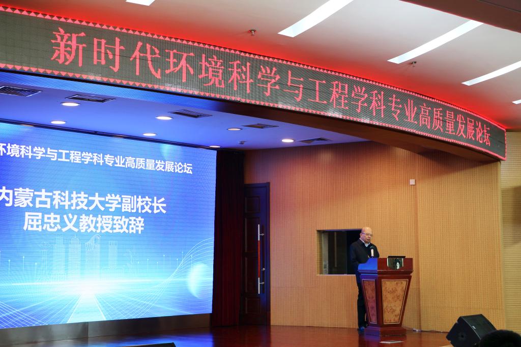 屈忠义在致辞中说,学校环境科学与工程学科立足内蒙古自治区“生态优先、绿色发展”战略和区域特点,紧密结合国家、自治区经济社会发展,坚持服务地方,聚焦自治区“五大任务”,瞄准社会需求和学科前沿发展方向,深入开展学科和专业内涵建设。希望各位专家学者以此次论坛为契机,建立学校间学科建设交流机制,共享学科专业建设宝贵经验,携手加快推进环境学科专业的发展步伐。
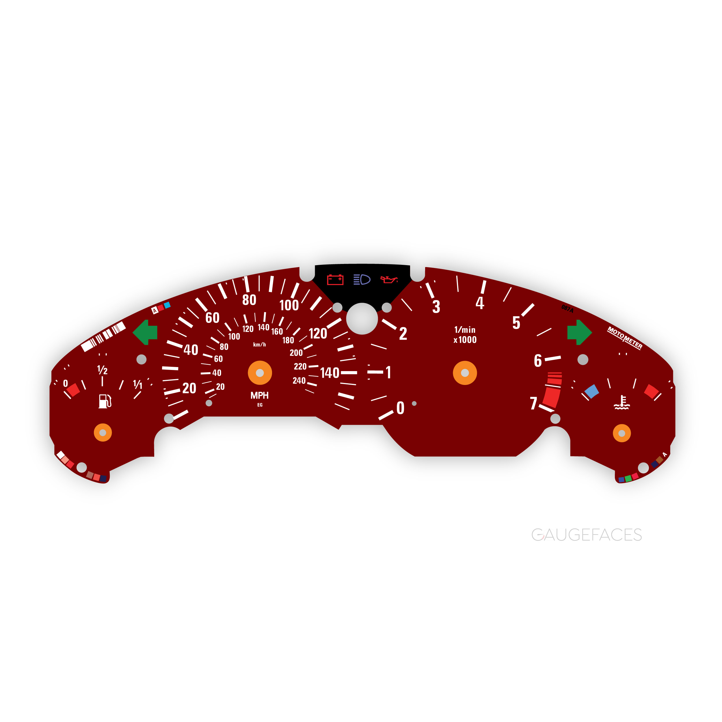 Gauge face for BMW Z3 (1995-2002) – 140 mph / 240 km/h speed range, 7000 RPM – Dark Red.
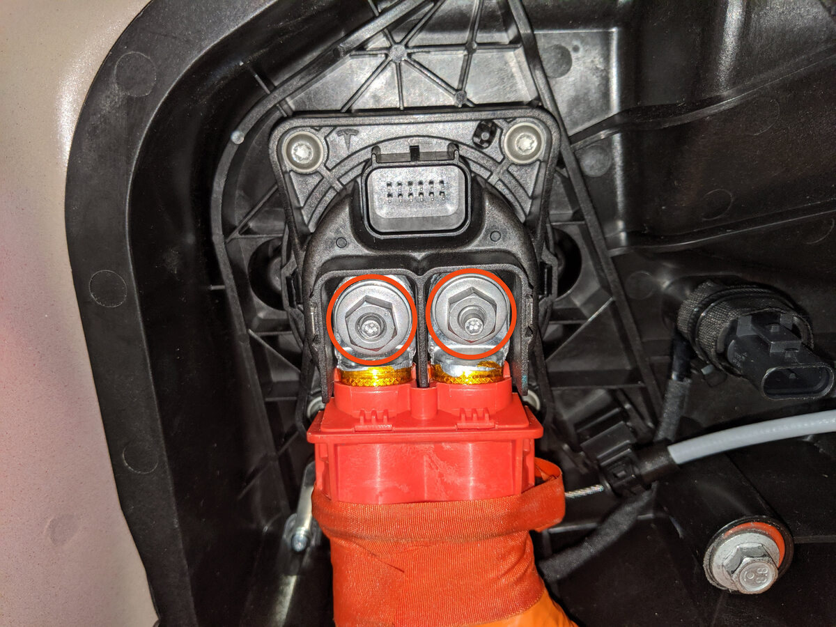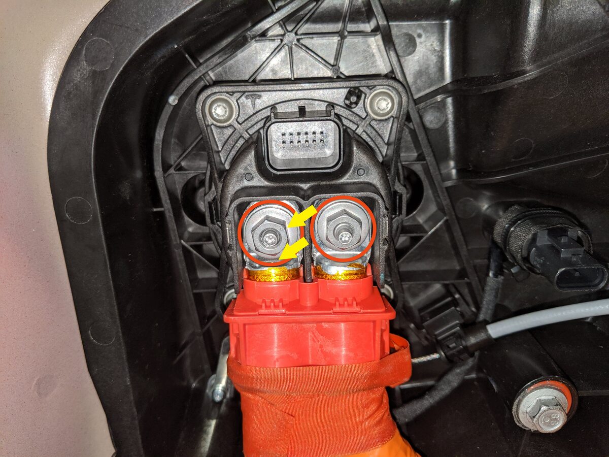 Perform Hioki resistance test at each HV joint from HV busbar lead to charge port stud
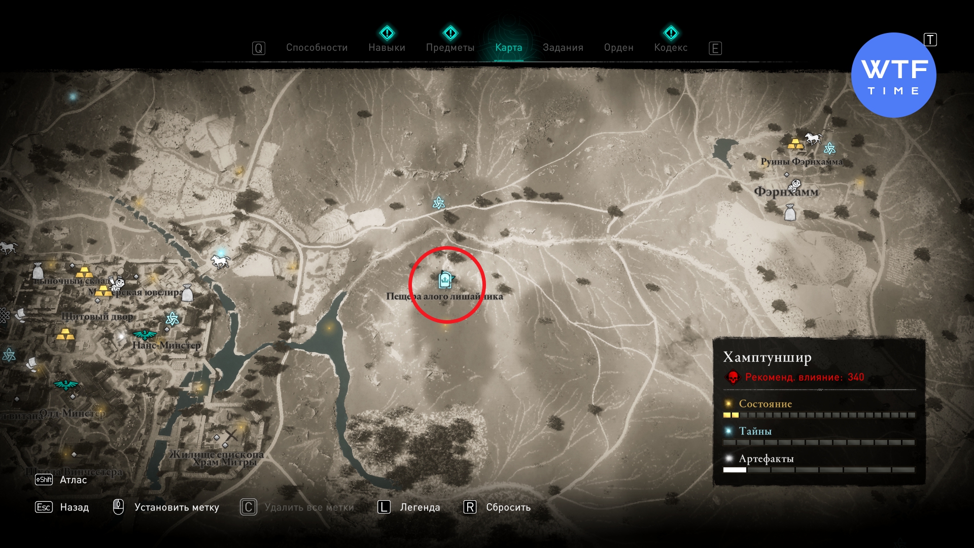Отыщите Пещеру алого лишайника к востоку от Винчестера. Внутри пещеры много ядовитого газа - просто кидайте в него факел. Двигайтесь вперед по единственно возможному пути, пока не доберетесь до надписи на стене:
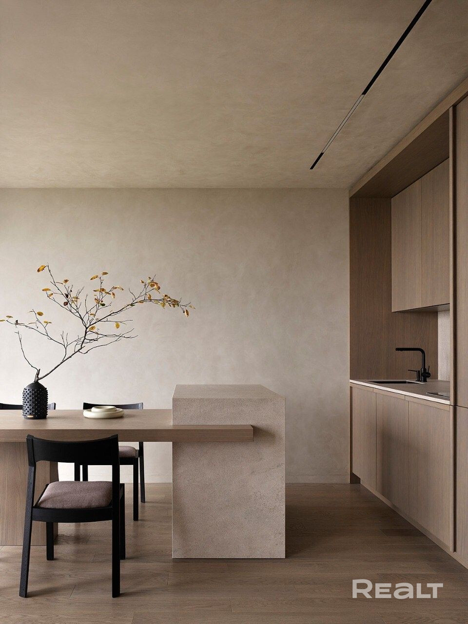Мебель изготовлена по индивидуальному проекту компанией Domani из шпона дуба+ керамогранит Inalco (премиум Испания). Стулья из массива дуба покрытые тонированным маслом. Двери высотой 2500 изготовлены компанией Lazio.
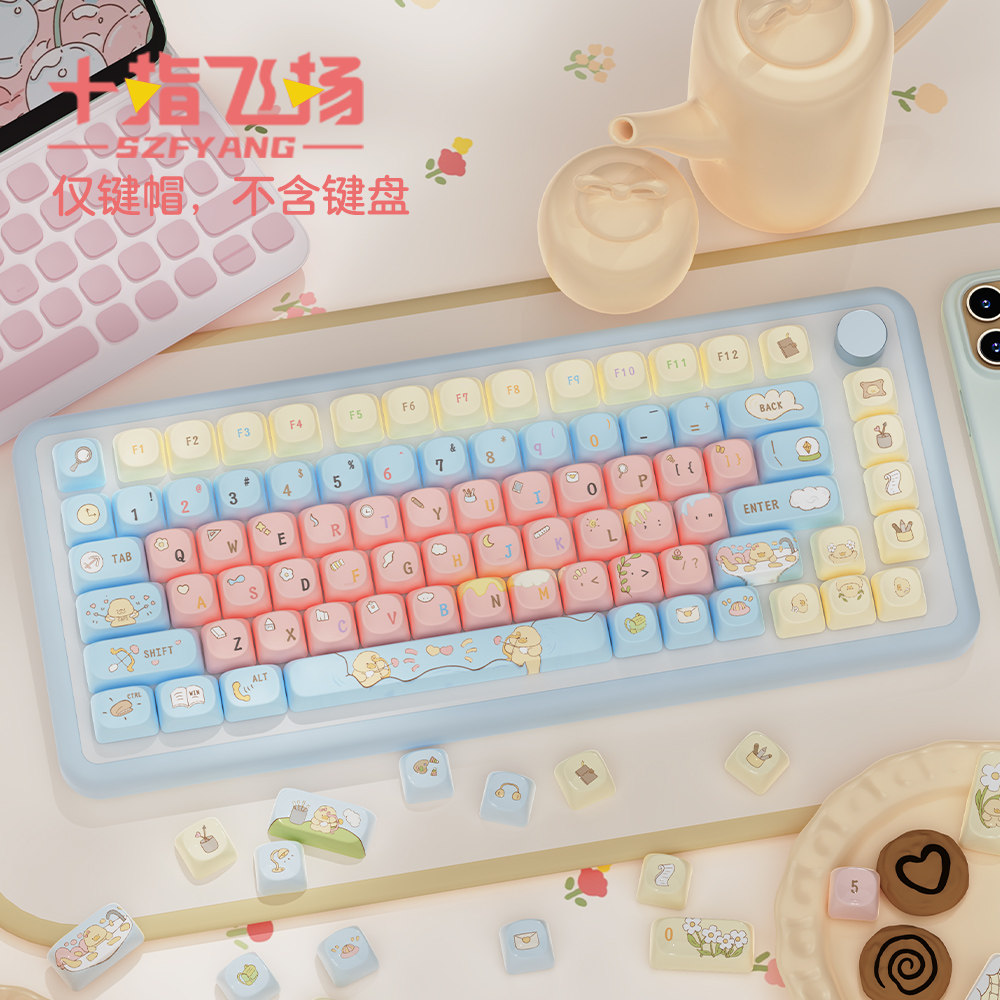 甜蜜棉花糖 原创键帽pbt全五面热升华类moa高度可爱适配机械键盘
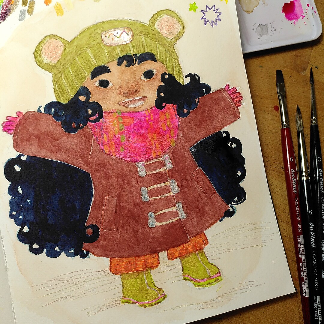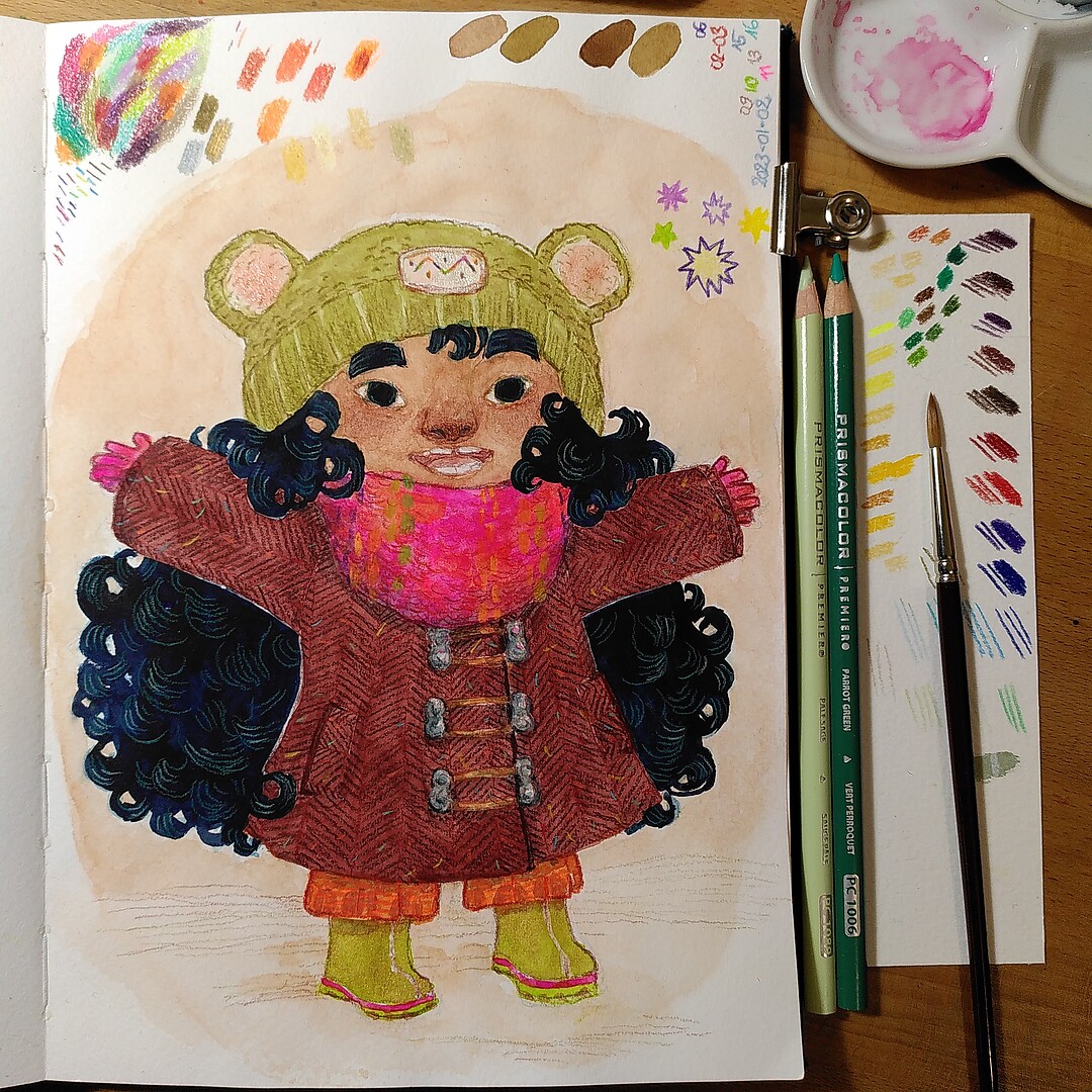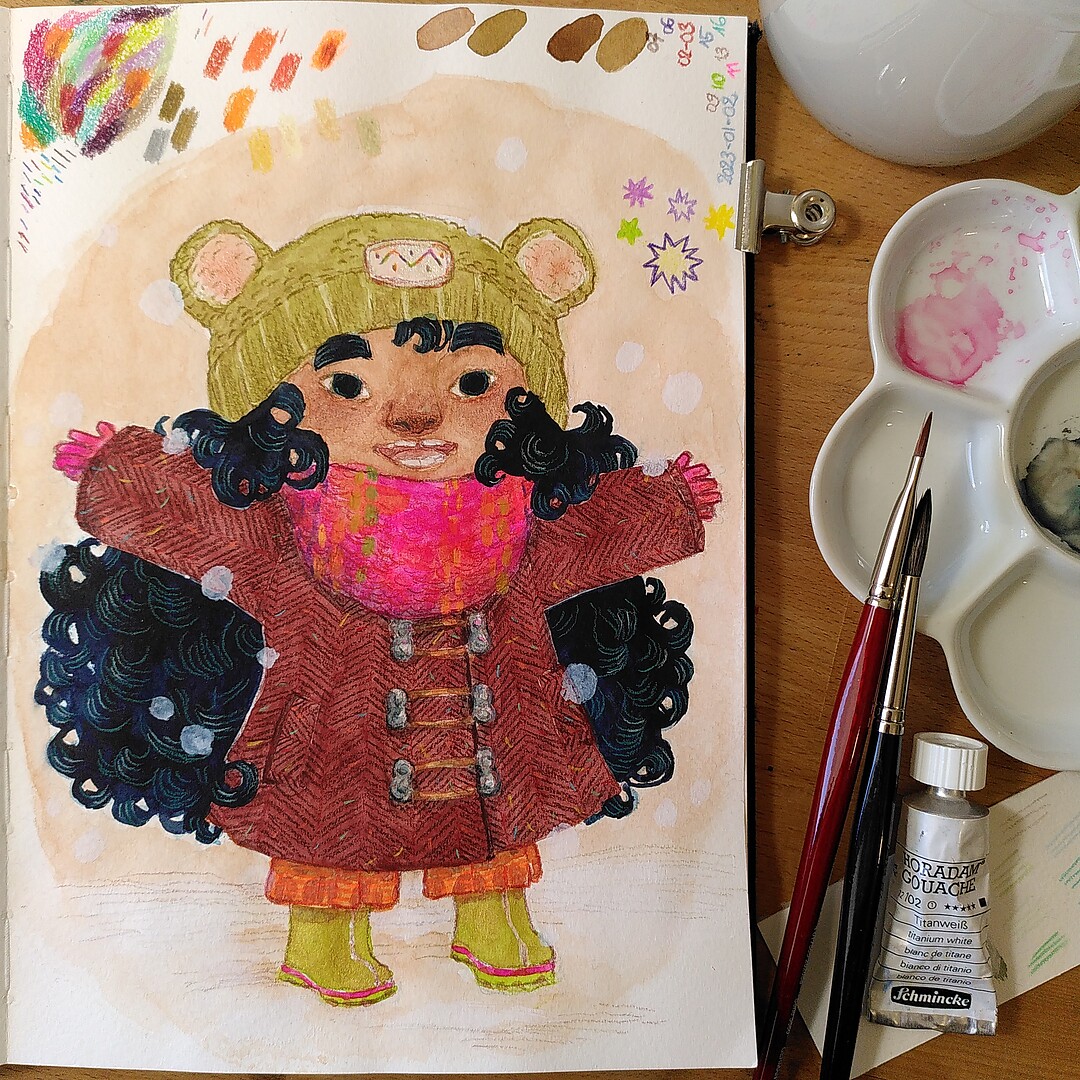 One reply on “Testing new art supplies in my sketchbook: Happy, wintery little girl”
= = =
Task to carry out
Your reply is to be an exact repeat of the listing above from the line holding "Perform Hioki resistance" down to the line holding "Мебель изготовлена по", ends included, pictures excluded.

Result of this task
 Perform Hioki resistance test at each HV joint from HV busbar lead to charge port stud
Отыщите Пещеру алого лишайника к востоку от Винчестера. Внутри пещеры много ядовитого газа - просто кидайте в него факел. Двигайтесь вперед по единственно возможному пути, пока не доберетесь до надписи на стене:
Мебель изготовлена по индивидуальному проекту компанией Domani из шпона дуба+ керамогранит Inalco (премиум Испания). Стулья из массива дуба покрытые тонированным маслом. Двери высотой 2500 изготовлены компанией Lazio.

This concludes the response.